Pariseau points first to the likelihood of the government raising the capital gains tax rate. Currently, 50 per cent of the value of any capital gains are taxable. This means that when investors sell their investments at a higher price than they paid – realizing a capital gain — 50 per cent of that capital gain is added to, or included in, their taxable income.

“Even before the pandemic, we were anticipating that this 50 per cent might go up because of the deficits that were already being created before the crisis,” says Pariseau. Inclusion rates have historically peaked and fallen; in 1990 the capital gains tax rate jumped to 75 per cent and stayed there until February 2000, when it was reduced 66.6 per cent before dropping back down to 50 per cent that October, where it has remained.

Pariseau says individuals who are anticipating an increased value in some of their assets might consider provoking a capital gain in order to have it included in their income at 50 per cent and not at a higher rate. Methods of doing this other than selling include transferring assets between individuals, to a corporation, or from one corporation to another.

Another form of taxation the government may consider introducing is a tax on the value of an estate, Pariseau adds, and on donations. Although he considers this a less likely tax than an increased capital gains tax rate, he suggests that clients might accelerate donations to members of their family before this comes into force. Older taxpayers, for example, who have more than enough assets to see them through their lifetimes may wish to donate assets before death to their children, so the inheritance to their children will be taxed at a lower rate.

Finally, another option is to cease to be resident in Canada. “I have some clients who have sold their businesses,” he says; “they have substantial net value.
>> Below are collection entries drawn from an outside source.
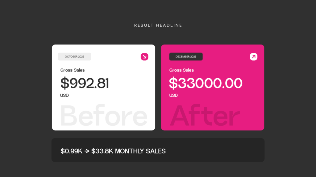Sales were inconsistent, content was irregular, and creatives failed to reflect the true identity of the brand—limiting both engagement and growth.
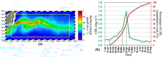 (a) Overall mean (1998–2017) ocean surface current map based on Ocean Surface Current Analysis Real-Time data. The yellow box shows the study region. (b) Example of data showing a temporal variation of chlorophyll-a concentrations (CHL) (green line) from winter to summer 2001 derived from the station (34°N, 144.5°E) indicated by the red box in (a). The red line in (b) is the CHL cumulative sum in percentage relative to the maximum cumulative sum of CHL by the end of August. Blue, red, and green dashed arrows in (b) indicate the dates of the winter CHL minimum, the onset of the spring bloom (percentage of cumulative sum = 30%), and spring bloom peak, respectively.
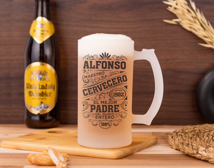 Un buen descanso siempre es el mejor regalo para un padre. Después de estar todo el día trabajando en casa y fuera de casa, ¡sólo necesita un poco de paz! Si el tuyo es de los que la buscan con una cerveza sobre la mesa, le encantará acompañar esos momentos tan relajantes con su propia jarra de cerveza opaca personalizada. ¡Con casi 8 centímetros de diámetro para rellenar con medio litro de su bebida favorita! Puede usarla todo lo que quiera y lavarla en el lavavajillas, ya que el diseño impreso no se perjudicará. Por muchas cervezas que tenga, seguro que ninguna tiene un diseño tan llamativo como este junto a su propio nombre. ¡Y hasta su año de nacimiento! Hemos creado este diseño para que conviertas a tu padre en un auténtico maestro cervecero con tan solo unos clics. Añade el producto al carrito y crea a tu gusto esta jarra de cerveza personalizada. Todo ello se verá perfectamente a través de la superficie traslúcida, sobre todo cuando esté llena de cerveza o cualquier líquido más oscuro. Qué mejor regalo original para padres que una bonita dedicatoria personalizada impresa sobre su propia jarra de cerveza opaca. ¡Ideal para conservar la temperatura de la bebida mientras disfrutáis en familia! Capacidad: 500ml.
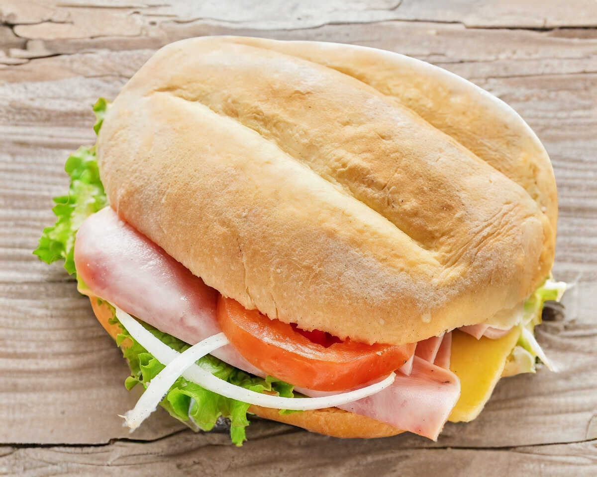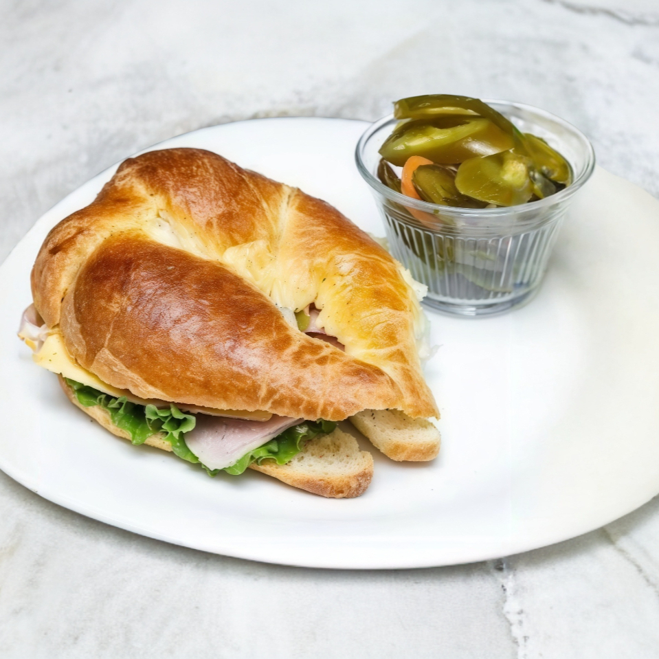 Cuernito rellenomde jamón de pavo , queso manchego, Lechuga, cebolla , jitomate y chiles en vinagre

If they were to die while being residents in Canada, with an inheritance tax, that could represent very substantial amounts of money, and they have the means to live in a country like, for instance, the Bahamas,” where they can pay for needed services not covered by the public purse.


“f you have enough money, and you save enough in income taxes and taxes generally, it's worth changing your tax residency and living somewhere else. I know that some of my clients are contemplating that.”

The COVID-19 crisis will come to an end, ideally by the end of this year, Pariseau says, but “then we’ll wake up one morning and we’ll have to take care of public finances.” In Quebec, for instance, the deficits are nowhere near what they are federally, as a result of the crisis. There will be a lot more written on the topic – including recommendations from accounting firms – before whatever measures the government decides on come into force, he adds.